Clinical-stage biopharmaceutical company Atai Life Sciences (Nasdaq: ATAI) provided investors an outlook on its operational runway as it begins to double down on trimming costs.
Most of the savings will come from a labor cuts in nonclinical development as well as general and administration, the company said.
“As part of our efforts to further focus our capital allocation towards generating meaningful clinical readouts in the near-term and to optimize our operational efficiency, we reduced our team by approximately 30%,” CEO and co-founder Florian Brand said in a Monday statement.
“The dosing of the first patient in the phase 2b study of RL-007 in CIAS earlier this quarter exemplifies the execution capabilities of our team as we advance our programs into later-stage clinical studies,” he added.
Despite Brand’s optimism, the promise behind the drug remains to be seen. The company’s shares slumped by more than 40% last month on news that the phase 2a clinical trial results for its ketamine therapy (PCN-101) to treat depression failed to meet its primary endpoint.

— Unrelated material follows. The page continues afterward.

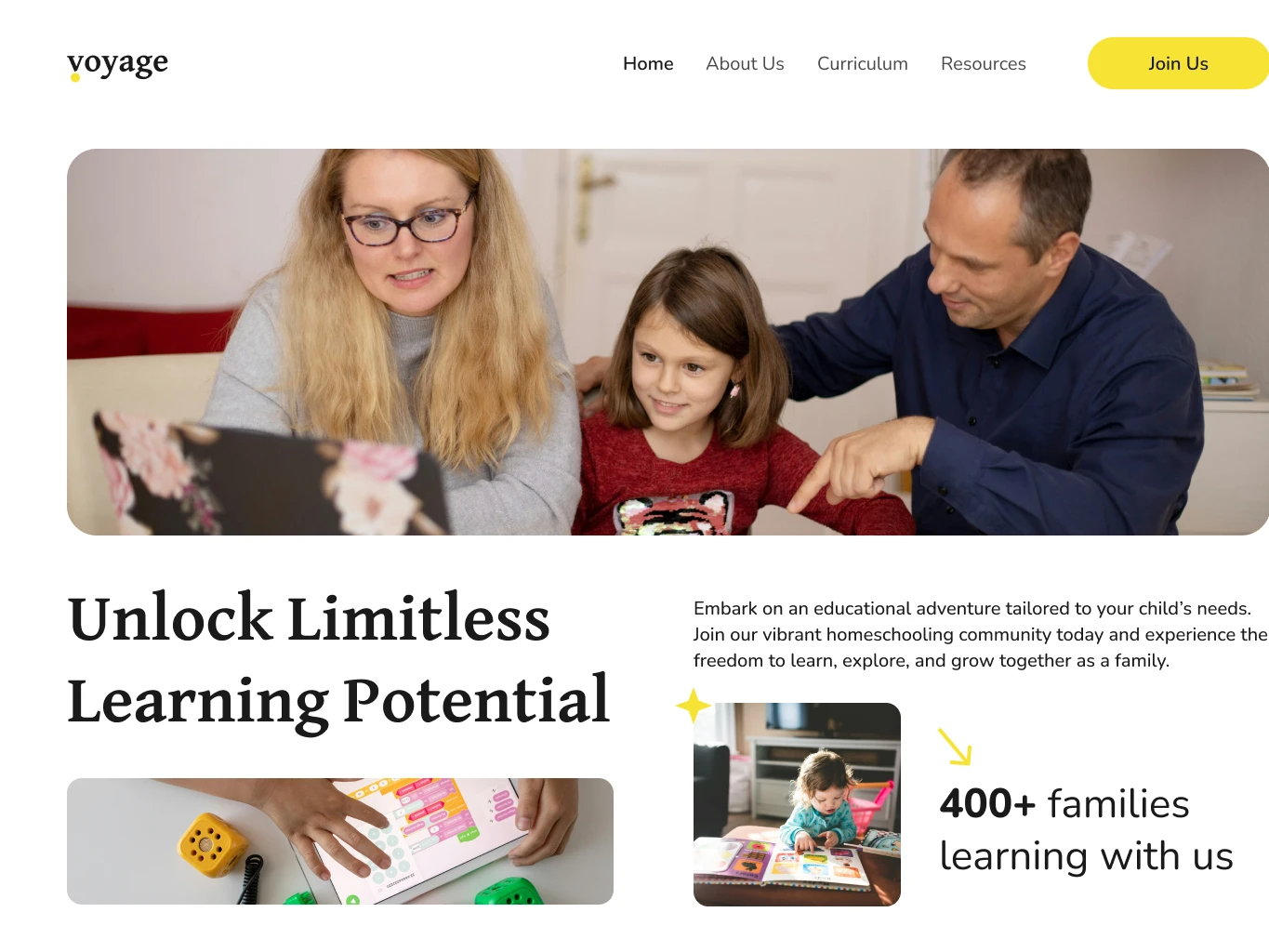 A focused landing page designed to attract and convert homeschooling parents by showcasing flexible learning, trusted teachers, and easy sign-up.

During a November investors’ call, Jefferies Group analyst Andrew Tsai asked whether or not BioGen’s drug to treat cognitive impairment associated with schizophrenia (CIAS) failing in studies earlier this year shakes the company’s confidence in embarking on a mid-stage trial for its RL-007 drug looking at the mental disorder.
Atai’s co-founder and chief scientific officer, Srinivas Rao, replied that the “challenging indication” is also part of its appeal.
“Obviously there’s a huge medical need here,” Rao said at the time, noting the societal and personal costs of struggling with the mental health disorder. “In terms of biomarker data, I don’t recall seeing anything published on that, personally. So, it will be interesting to get a better read sense of that or even get a more granular read on the results that they have.”
Brand concluded the call as Tsai attempted to follow up.
The news could come as a cautionary tale for the nascent psychedelics industry, which has struggled finding pathways toward commercial viability.
Still, Atai had a decent 2022 amid sizable losses and negative cash flows, and has fared better than most despite accumulating a deficit since 2018 of nearly $500 million by the end of 2022.
The downsizing has extended the company’s operational cash runway, which its expects to maintain into the first half of 2026.
Atai spent $19.4 million on general and administrative expenses, according to its most recent earnings report.